Quality Assurance Manager: Quality assurance managers are responsible for maintaining and improving the quality of food products in Food industry. They develop and implement quality control systems, conduct product testing, and oversee compliance with food safety regulations.
Research and Development Scientist: In research and development, you would work on innovative food products, ingredients, and processes. This role involves conducting experiments, analyzing data, and developing new technologies to enhance food quality, nutrition, and functionality.
Food Packaging Technologist: Food packaging plays a crucial role in preserving food quality and safety. As a packaging technologist, you would work on developing packaging materials and techniques that ensure product freshness, extend shelf life, and meet sustainability goals.
Regulatory Affairs Specialist: Regulatory affairs professionals ensure that food products comply with local and international regulations. They stay updated with food labeling requirements, ingredient approvals, and other regulatory aspects to ensure compliance and facilitate market access.

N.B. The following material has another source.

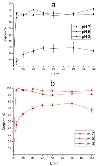 It was shown that ND and ND–COOH efficiently sorb 68Ga from a solution of pH 7 (Figure 1 and Figure 2) and then, the influence of pH of initial solution 68Ga on the efficiency of its sorption onto ND and ND–COOH was studied. The obtained data on the 68Ga sorption from aqueous solutions with pH 1, 3, 5 and 7 are shown in Figure 3. It was demonstrated that at pH 5 the degree of sorption of 68Ga for both CNMs samples decreased slightly (about 5%) compared to pH 7, while at pH 3 there was a significant decrease in sorption of 68Ga onto ND to 25% in 120 min and sorption onto ND–COOH also decreases—to 75% at the same time. In addition, sorption on both CNMs samples at pH 3 slows down and equilibrium is achieved by mixing the phases in 45 min, while at pH 5 and 7—in 5 min. At pH 1, as shown by our studies, 68Ga sorption is not observed on both samples for 120 min.

Food Consultant: Food consultants provide expertise and guidance to businesses in various aspects of the food industry, such as product development, quality management, food safety, and regulatory compliance.
To pursue a career in food science and technology, a degree in food science, food technology, or a related field is typically required. Additionally, gaining practical experience through internships or research projects can be beneficial.
Continuous learning and staying updated with the latest advancements in food science and technology are crucial for career growth in this field. Professional organizations and certifications, such as the Institute of Food Technologists (IFT), can provide valuable networking opportunities and resources.
Overall, a career in food science and technology offers a dynamic and rewarding path where you can contribute to the development of safe, nutritious, and innovative food products that impact people's lives.